What to do. Under this line are the records; repeat exactly the lines starting at the one containing "天板を上げるとソファに座って作業するのにちょうどいい高さに。" and ending at the one containing "Тумба под раковину", omitting pictures.

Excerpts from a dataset
════

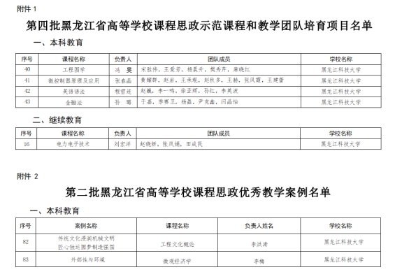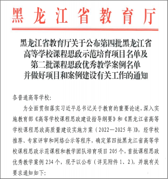 近日,黑龙江省教育厅发布了《黑龙江省教育厅关于公布第四批黑龙江省高等学校课程思政示范培育项目名单及第二批课程思政优秀教学案例名单并做好项目和案例建设有关工作的通知》,【官网】的五门课程、两个优秀教学案例分别获批黑龙江省高等学校课程思政示范课程和教学团队培育项目、第二批课程思政优秀教学案例,课程思政示范课程和教学团队培育项目100%获批。
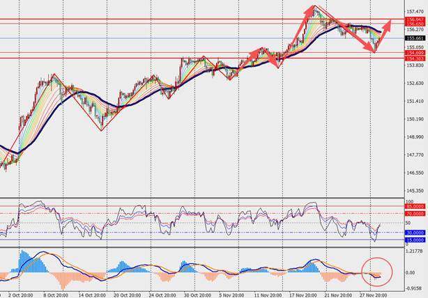 第一阻力位:156.40 第一支撑位:154.90
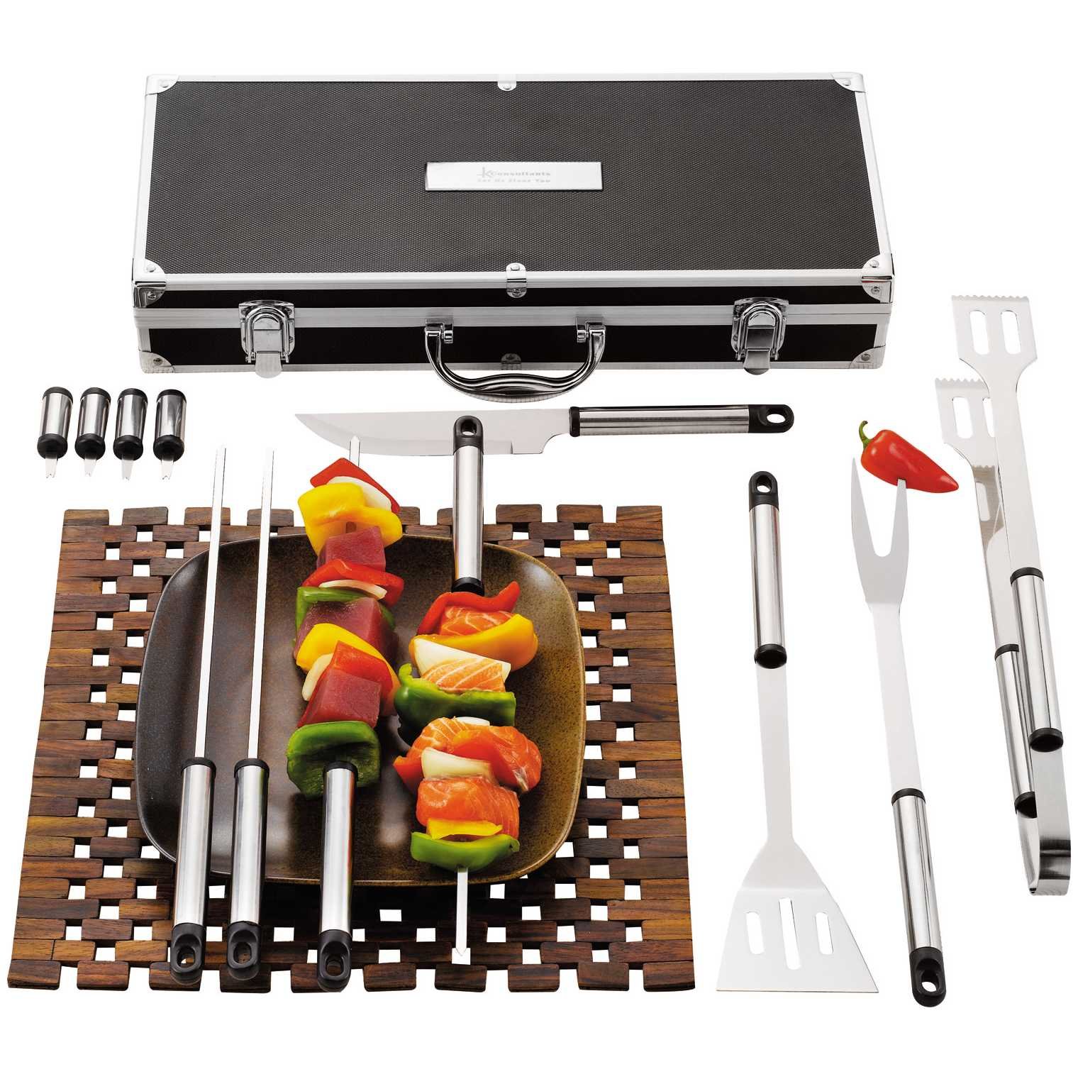 The Grill Master 13-Piece BBQ Set has everything you need to elevate your outdoor grilling game. Perfect for steaks, burgers, hot dogs, veggie kabobs, shrimp skewers, and more, this complete BBQ kit is great for gifting or treating yourself. The set includes essential grilling tools—four skewers, four corn holders, one spatula, one serving fork, one knife, and tongs—all neatly organized in a durable, aluminum-accented carrying case. Each item fits securely in its designated space, helping keep everything organized and protected. The sturdy case handle and clasps make it easy to transport your tools to your backyard, campsite, or tailgate party. Note: Do not expose handles to direct heat. Key Features Includes: Four skewers, four corn holders, one spatula, one serving fork, one knife, and one set of tongs Aluminum-accented carrying case – organizes and protects tools when not in use Items are secured neatly inside the case – ensures everything stays in place during transport Sturdy case handle and clasps – for easy carrying and secure closure Perfect for outdoor grilling – ideal for meats, veggies, and more Great gift idea – perfect for company events, raffles, or holiday gifts Why We Love It A complete grilling set in a sleek carrying case—perfect for backyard BBQs, campsite cookouts, or tailgate takeovers. How To Sell It Packed with all the essentials and housed in an organized case, this set makes a standout gift for company events and summer promotions. View Sell Sheet and Assets
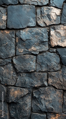 © Crafted, Obraz premium Dark grey stone wall texture, rough surface, irregular shapes, close-up view.
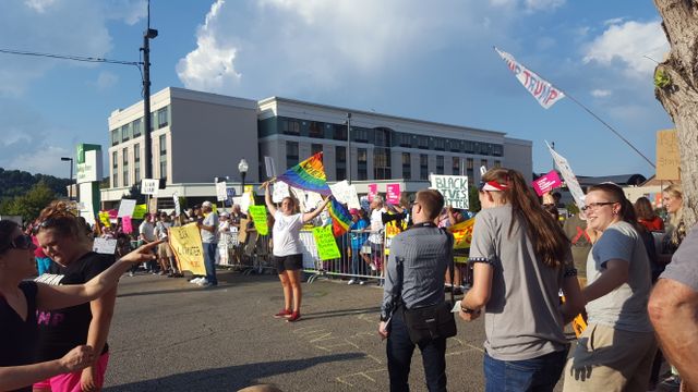 Hundreds protest Trump appearance in Huntington, West Virginia
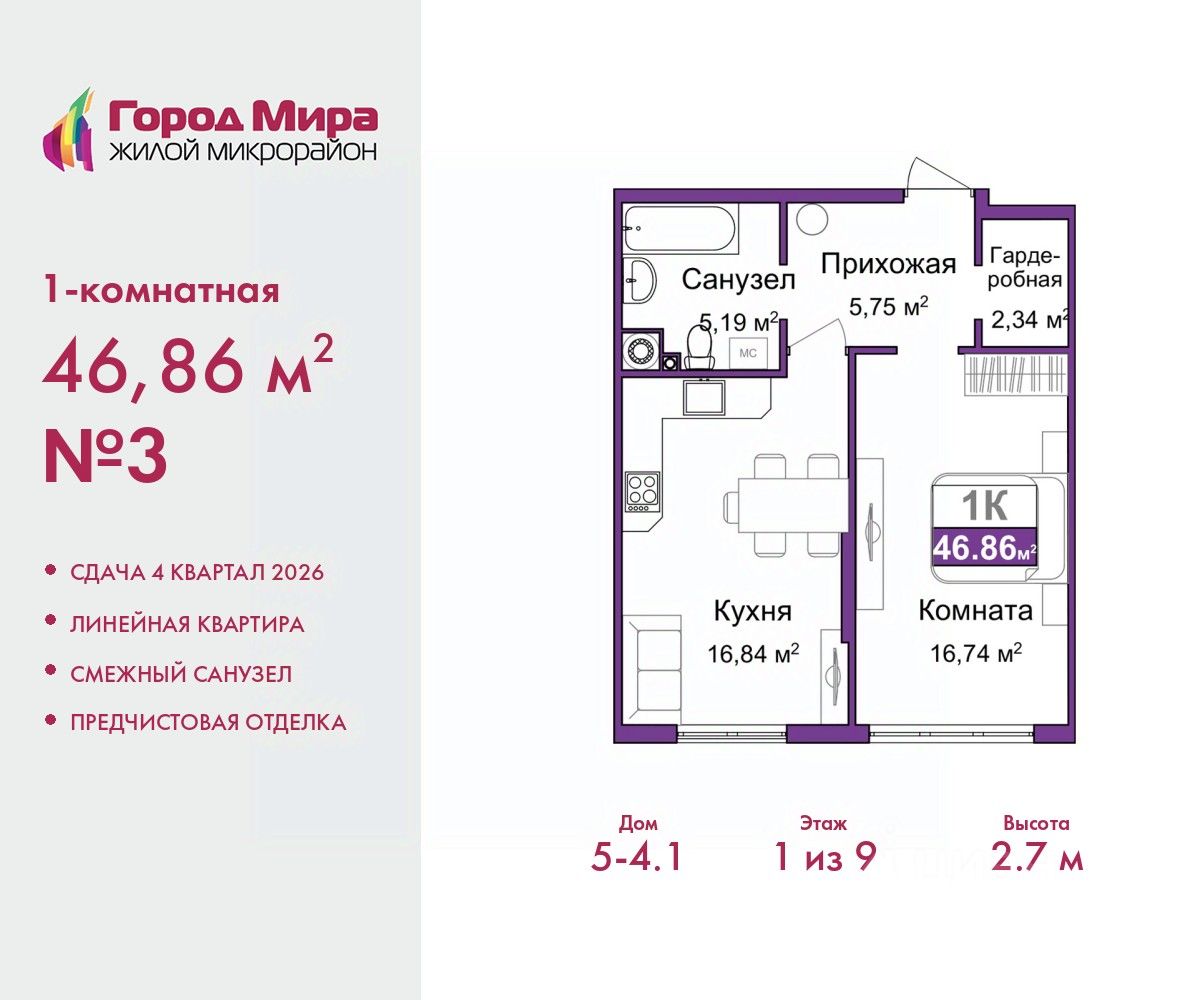 Однокомнатная квартира от застройщика с предчистовой отделкой в ЖМ ''Город Мира'' на 1 этаже. Общая площадь: 46.86 кв.м., жилая: 16.74 кв.м., площадь просторной кухни-столовой: 16.84 кв.м. Все окна выходят на одну сторону. В квартире один совмещенный санузел. Высота потолков 2.7 м. Квартиры в ЖК ''Город Мира'' ваш комфорт начинается здесь! ''Город Мира'' это масштабный жилой комплекс, созданный для тех, кто ценит комфорт, безопасность и гармонию с природой. Здесь продумана каждая деталь: от удобной инфраструктуры до эргономичных планировок квартир. В 2024 году микрорайон ''Город Мира'' победил в номинации ''Лучший экологический проект года в сфере строительства'' по версии премии Crimea Urban Awards. Почему выбирают наш комплекс: - Зеленый оазис живите среди природы в черте города. - Всё под рукой 2 детских сада, магазины, фитнес, медицина. - Безопасность: закрытая территория с видеонаблюдением. Наши квартиры: - Просторные планировки с кладовыми. - Лоджии с остеклением. - Автономное отопление: платите только за реальное потребление. - Предчистовая отделка, включает стяжку пола, без штукатурки стен. - Консьерж-сервис и подземный паркинг. Инфраструктура комплекса: - Детские и спортивные площадки. - Зоны отдыха с беседками. - Фитнес-клубы и салоны красоты. - Будущая школа на территории, уже функционируют два детских сада. Выгодные условия покупки: - Ипотека от 5,5%, военная ипотека от 5,5%. - Рассрочка. - Материнский капитал на первоначальный взнос. Квартира находится в корпусе 5_4.1. Дом монолитный, одноподъездный, высотой 9 этажей. В подъезде 1 грузовой лифт. Окончание строительства - 4 квартал 2026 года. Оформление сделки по договору долевого участия. #Z6AlOC
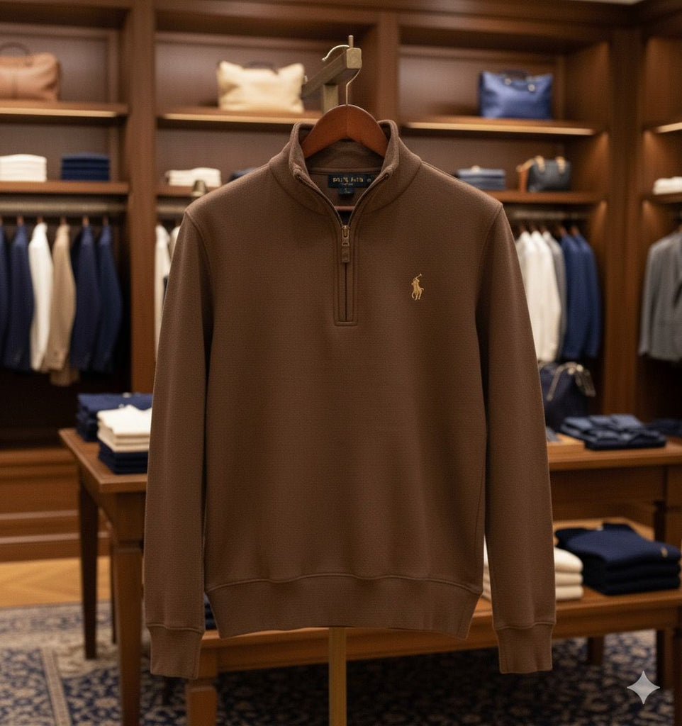 Women’s Classic Brown Quarter-Zip Pullover with Signature
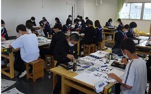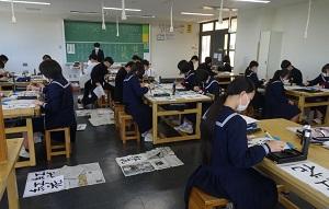 私語無く真剣に毛筆に取り組んでいました。
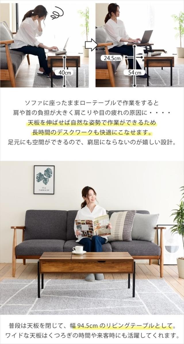 天板を上げるとソファに座って作業するのにちょうどいい高さに。
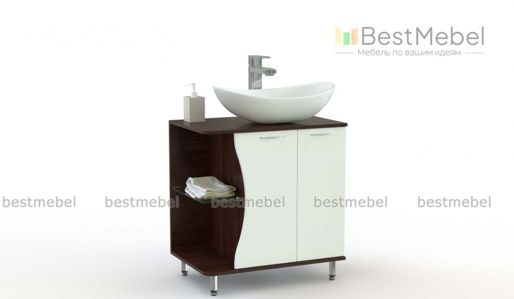 Тумба под раковину Хлоя 7 BMS поможет создать роскошный интерьер, олицетворяющий модные тенденции. Напольная тумба на высоких хромированных ножках предназначена для установки раковины-чаши и оборудована скругленной по углам столешницей, двухдверным распашным отделением с фигурным вырезом и торцевыми открытыми полочками. Коричнево-белая контрастная гамма подчеркнет изящный дизайн модели. Купить тумбу под раковину Хлоя 7 BMS для современной ванной комнаты приглашаем в наш интернет-магазин.
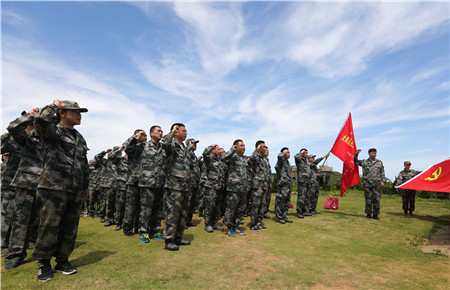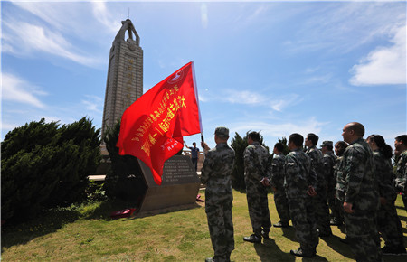 圖為黨員參觀大陳島墾荒紀念館 “讓我們重溫入黨誓詞,牢記黨員使命。”當鮮紅的黨旗在墾荒紀念碑下鋪開的時候,大家的思緒拉回現(xiàn)實。激情燃燒的歲月是歷史,從歷史中汲取力量,不忘初心,弘揚和傳承艱苦創(chuàng)業(yè)精神,鍥而不舍地克服集團發(fā)展中的難關難題,才是此行活動真正的意義所在。“我志愿加入中國共產黨......”面向黨旗,大家齊齊舉起右手,跟隨集團黨委委員陳保衛(wèi)一起大聲宣誓,墾荒碑下回聲嘹亮,一句句錚錚誓言體現(xiàn)出黨員干部無比堅定的信念。
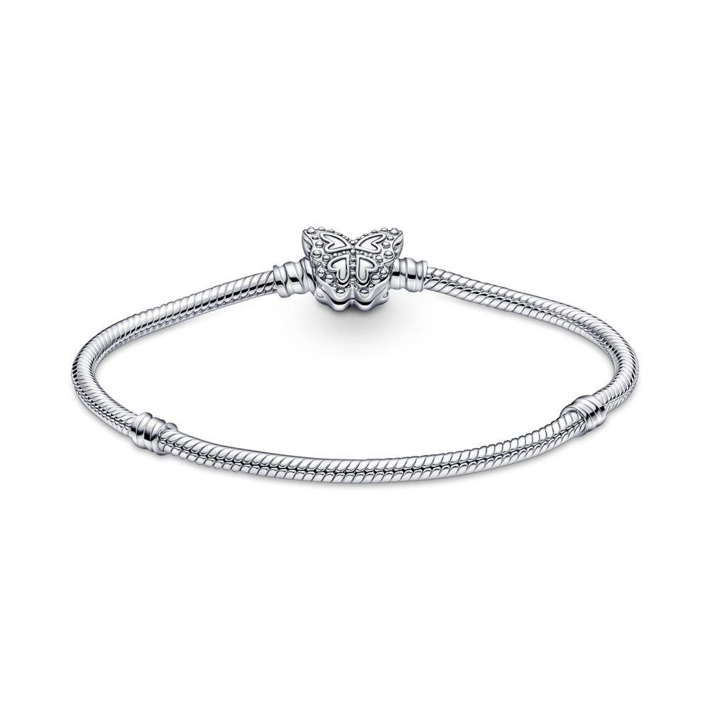 Tell your spring story and be inspired by the season of transformation with our sterling silver Moments Butterfly Clasp Snake Chain Bracelet. Cut-out and raised heart details and sparkling bead-set round brilliant-cut clear cubic zirconia give depth and dimension to the butterfly’s wings. Style up to 18 charms on the bracelet and carry spring moments with you wherever you go. Pair it with other sterling silver pieces. like our Blue Butterfly Hoop earrings.
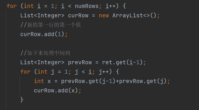 numRows是要计算到多少行,在每一行开始都设置了一个一维数组,curRow.add(1)是在第一列添加一个1,然后List<Integer> prevRow=ret.get(i-1)的意思是获取上一行的信息。接下来就计算中间列的数值,然后将算入的数值加入进去就行了!
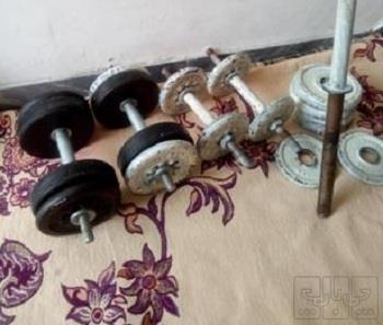 چهارعددوزنه2.5کیلویی دوعدد وزنه1کیلویی دوعدد دمبل2کیلویی دوعدد دمبل10کیلویی یک عدد هالتر10کیلویی

════

Response to the task.
 天板を上げるとソファに座って作業するのにちょうどいい高さに。
 Тумба под раковину Хлоя 7 BMS поможет создать роскошный интерьер, олицетворяющий модные тенденции. Напольная тумба на высоких хромированных ножках предназначена для установки раковины-чаши и оборудована скругленной по углам столешницей, двухдверным распашным отделением с фигурным вырезом и торцевыми открытыми полочками. Коричнево-белая контрастная гамма подчеркнет изящный дизайн модели. Купить тумбу под раковину Хлоя 7 BMS для современной ванной комнаты приглашаем в наш интернет-магазин.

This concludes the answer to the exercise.